THE PROBLEM:
Would you transcribe the listing exactly as it stands, minus any images?

SUPPLIED INFORMATION:
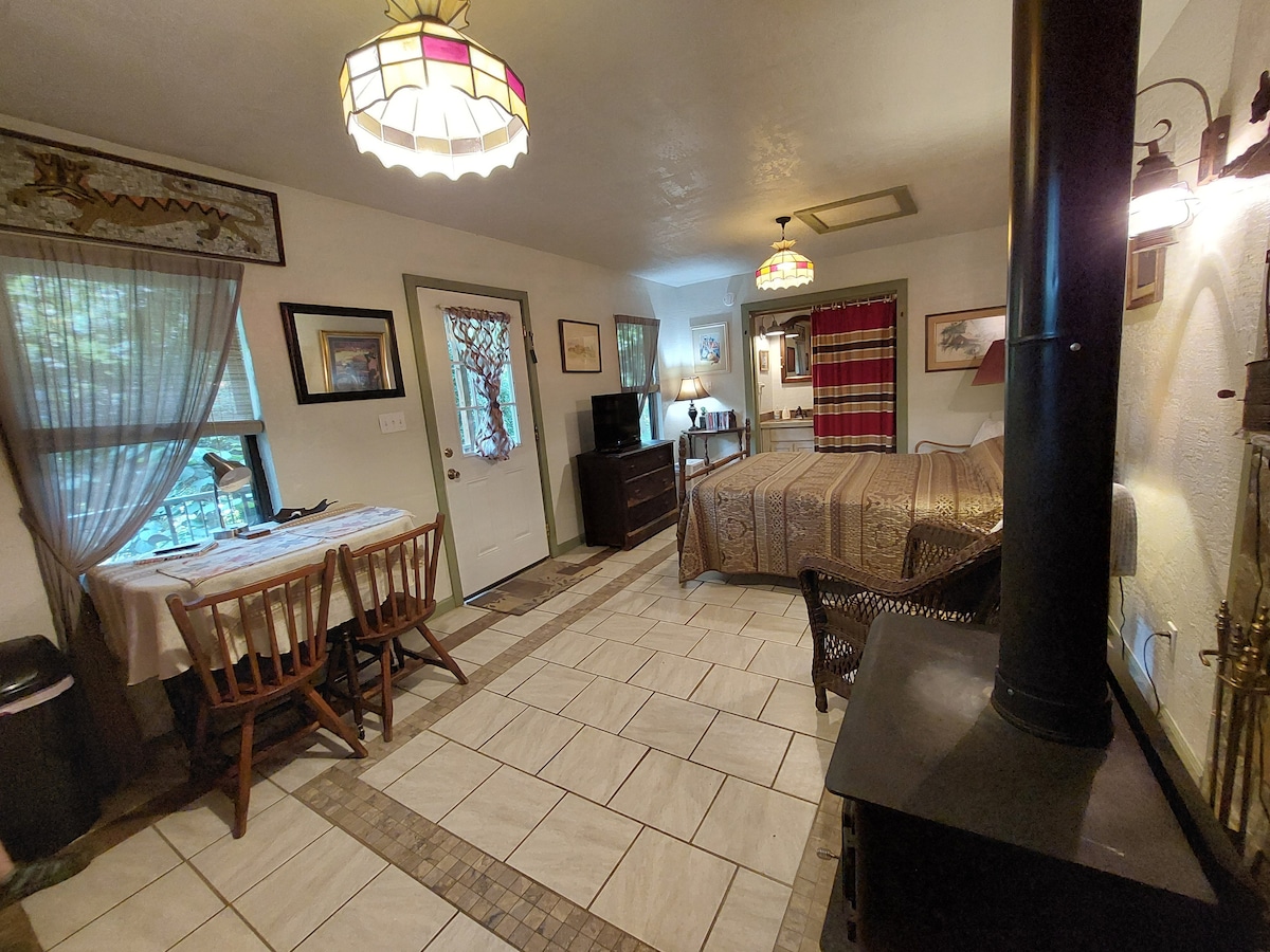 Charming creekside loft cottage. Perfect retreat for a romantic getaway or an adventure motorcycle ride in the beautiful scenery of pisgah national forest. Minutes away from max patch on the Appalachian trail and 30 mins from downtown Hotsprings. Relax listening to the beautiful sound of Meadowfork creek. Nestled feet away from the creek on what once was an 18 acre tobacco farm. Private bathhouse with shower/bathtub and toilet. Private fire pit, charcoal barbecue grill, picnic table, porch.
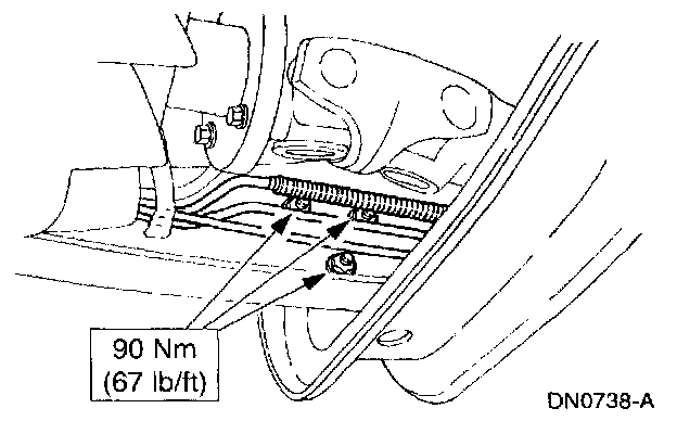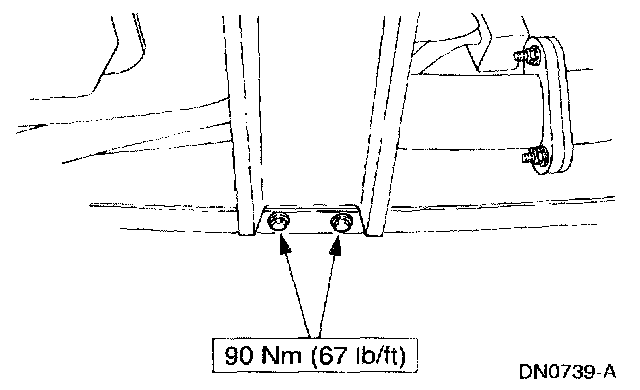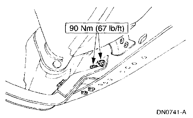 7. Tighten the transmission support crossmember nuts and bolts (RH side) to specification.
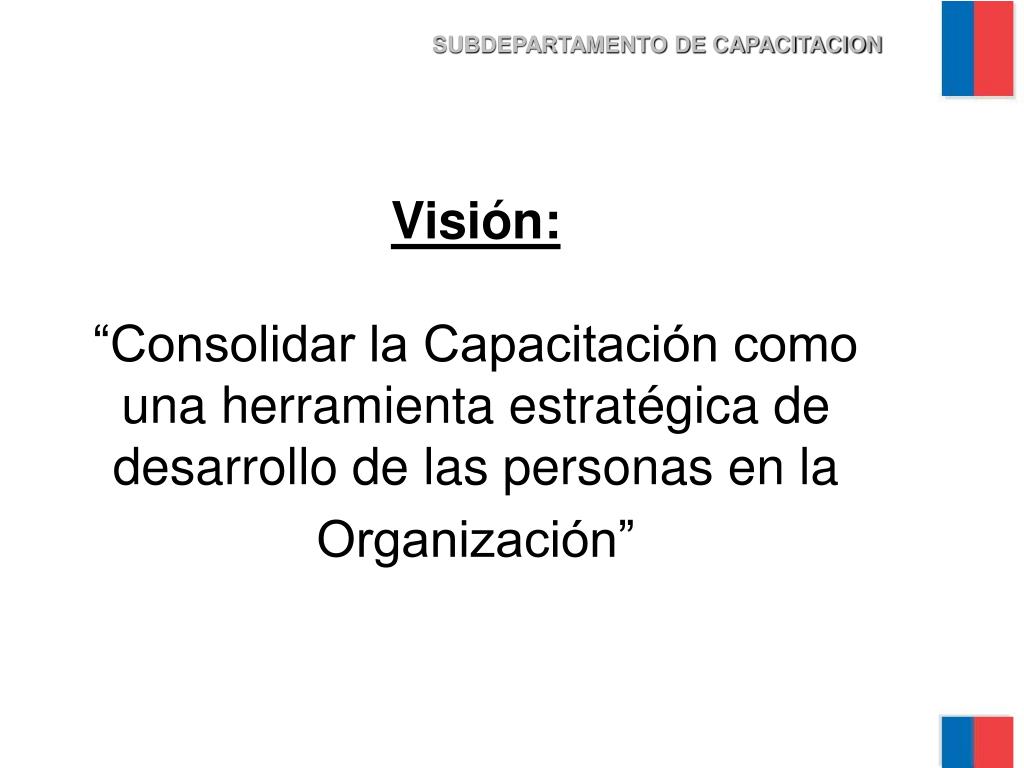 SUBDEPARTAMENTO DE CAPACITACION Visión:“Consolidar la Capacitación como una herramienta estratégica de desarrollo de las personas en la Organización”
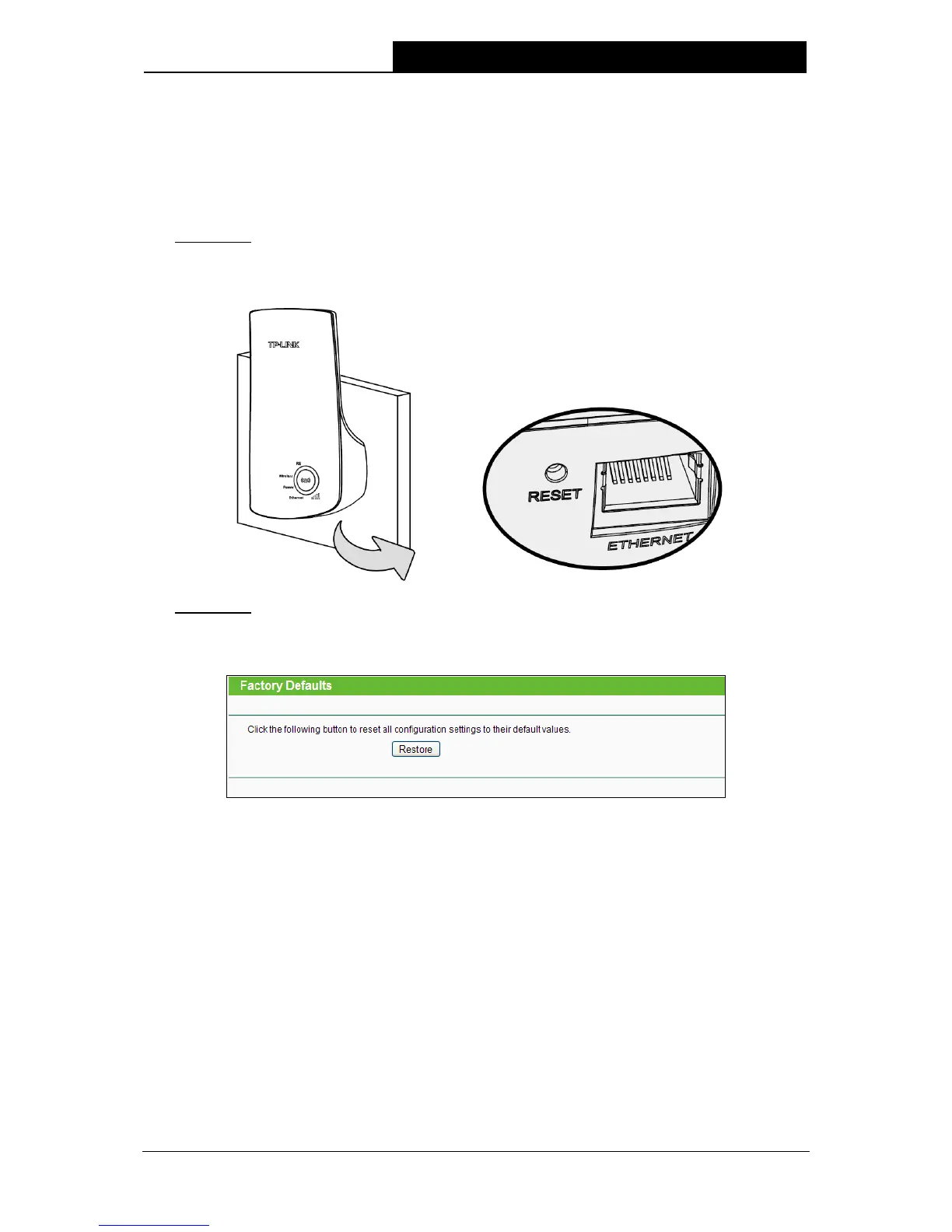 1) Restore the Range Extender’s configuration to its factory default settings. If you don’t

EXERCISE SOLUTION:
 Charming creekside loft cottage. Perfect retreat for a romantic getaway or an adventure motorcycle ride in the beautiful scenery of pisgah national forest. Minutes away from max patch on the Appalachian trail and 30 mins from downtown Hotsprings. Relax listening to the beautiful sound of Meadowfork creek. Nestled feet away from the creek on what once was an 18 acre tobacco farm. Private bathhouse with shower/bathtub and toilet. Private fire pit, charcoal barbecue grill, picnic table, porch.
 7. Tighten the transmission support crossmember nuts and bolts (RH side) to specification.
 SUBDEPARTAMENTO DE CAPACITACION Visión:“Consolidar la Capacitación como una herramienta estratégica de desarrollo de las personas en la Organización”
 1) Restore the Range Extender’s configuration to its factory default settings. If you don’t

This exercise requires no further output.